We can create a plot of the regression line on top of the scatter plot.

In [None]:
# Points on the regression line
ypred = beta1*x + beta0

plt.plot(x,y,'o')                    # Plot the data points
plt.plot(x,ypred,'-',linewidth=3)  # Plot the regression line (the predicted values)
plt.xlabel('horsepower')
plt.ylabel('mpg')
plt.grid(True)

The Squared Loss is RSS = $\sum_i (y_i-\hat{y}_i)^2$ where $\hat{y}_i = \beta_0 + \beta_1x_i$ or 

In [None]:
yhat=beta0+beta1*x
loss = np.sum((y-yhat)**2)
print("Loss = {0:7.2f}".format(loss))

## Nonlinear Transformation

We see that the linear regression captures the general trend of the relation between `y=mpg` and `x=horsepower`.  However, the trend does not really appear linear - instead it has an inverse type relation.   So, a natural idea is to use a *nonlinear transformation*:
* Transform the data `z=1/y` 
* Fit `z` vs. `x` with a linear model:  $\hat{z}=\beta_0 + \beta_1x$.
* Invert the nonlinear relation for a model for `y`:  $\hat{y} = \hat{z}=1/(\beta_0 + \beta_1x)$.

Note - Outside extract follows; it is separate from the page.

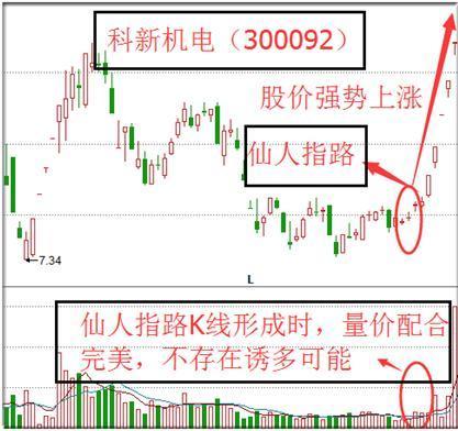 仙人指路K线出现时,量能要稳定。量价配合,说明诱多的可能性小。
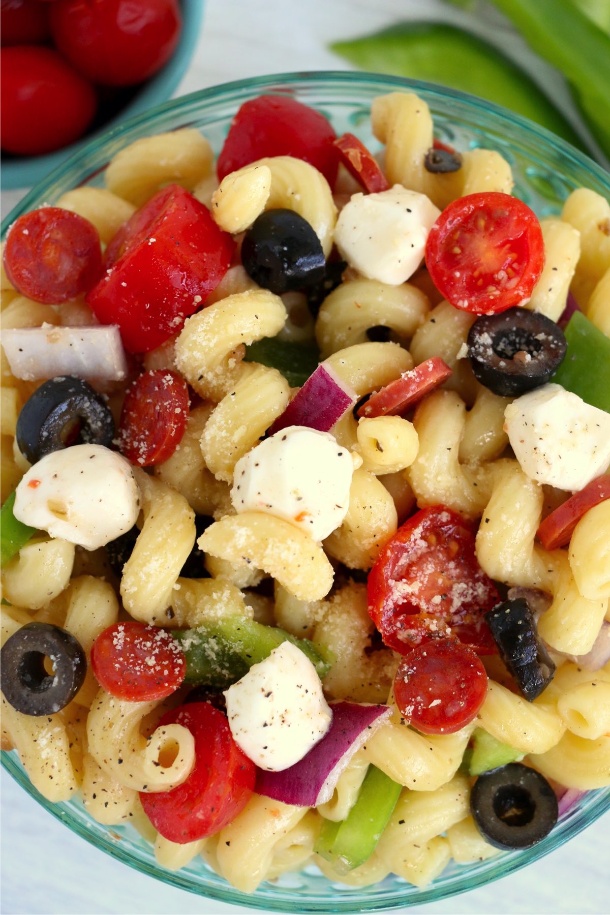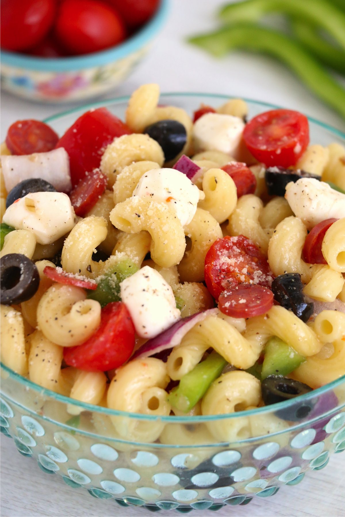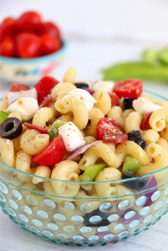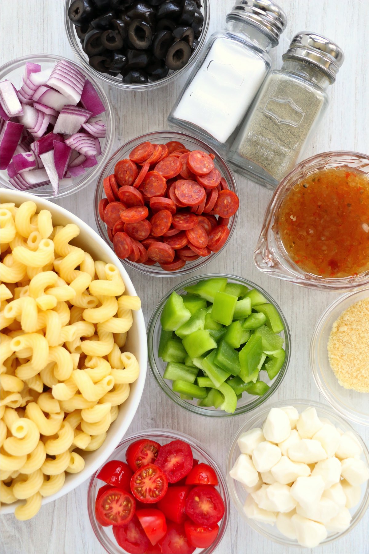 - Combine cooked pasta, cherry tomatoes, green peppers, olives, onions, pepperonis, Italian dressing, salt, and pepper in a large mixing bowl.

We begin then by computing `z` and plotting a scatter plot of `z` vs. `x`.  Note that `z` represented gallons per mile (1/mpg).

In [None]:
z = 1/y
plt.plot(x,z,'o')
plt.xlabel('horsepower')
plt.ylabel('1/mpg')
plt.grid(True)

We see a clear linear relation between `z` (1/mpg) and `x` (horsepower). We can fit a linear model,
$z = \beta_0 + \beta_1 x$.  

In [None]:
# Use linear regression to fit `z` vs. `x`
xm = np.mean(x)
zm = np.mean(z)
sxz = np.mean((z-zm)*(x-xm))
sxx = np.mean((x-xm)**2)
beta1_inv = sxz/sxx
beta0_inv = zm - beta1_inv*xm

We can create a plot of the regression line on top of the scatter plot.  

In [None]:
z = 1/y
xplt_inv = np.arange(20,250)
zplt_inv = beta1_inv*xplt_inv + beta0_inv
plt.plot(x,z,'o')
plt.plot(xplt_inv,zplt_inv,'-',linewidth=3)
plt.xlabel('horsepower')
plt.ylabel('1/mpg')
plt.grid(True)

Finally, we compute the estimate in the original domain:  $\hat{y}=1/\hat{z}$.  We plot the data, original linear fit and the linear fit with inversion.

In [None]:
yplt_inv = 1/zplt_inv 
plt.plot(x,y,'o')
plt.plot(xplt_inv,beta0 + beta1*xplt_inv,'-',linewidth=3)
plt.plot(xplt_inv,yplt_inv,'-',linewidth=3)
plt.xlabel('horsepower')
plt.ylabel('mpg')
plt.grid(True)
plt.legend(['data', 'linear', 'linear+inversion'])

We can conclude by comparing the squared loss using the linear fit and the linear fit+inversion.  We see that we get a slightly reduced error using the nonlinear transformation.

In [None]:
zhat_inv = beta0_inv + beta1_inv*x
yhat_inv = 1/zhat_inv
loss_inv = np.sum((yhat_inv-y)**2)
print("RSS = {0:7.2f} (linear)".format(loss))
print("RSS = {0:7.2f} (linear+inversion)".format(loss_inv))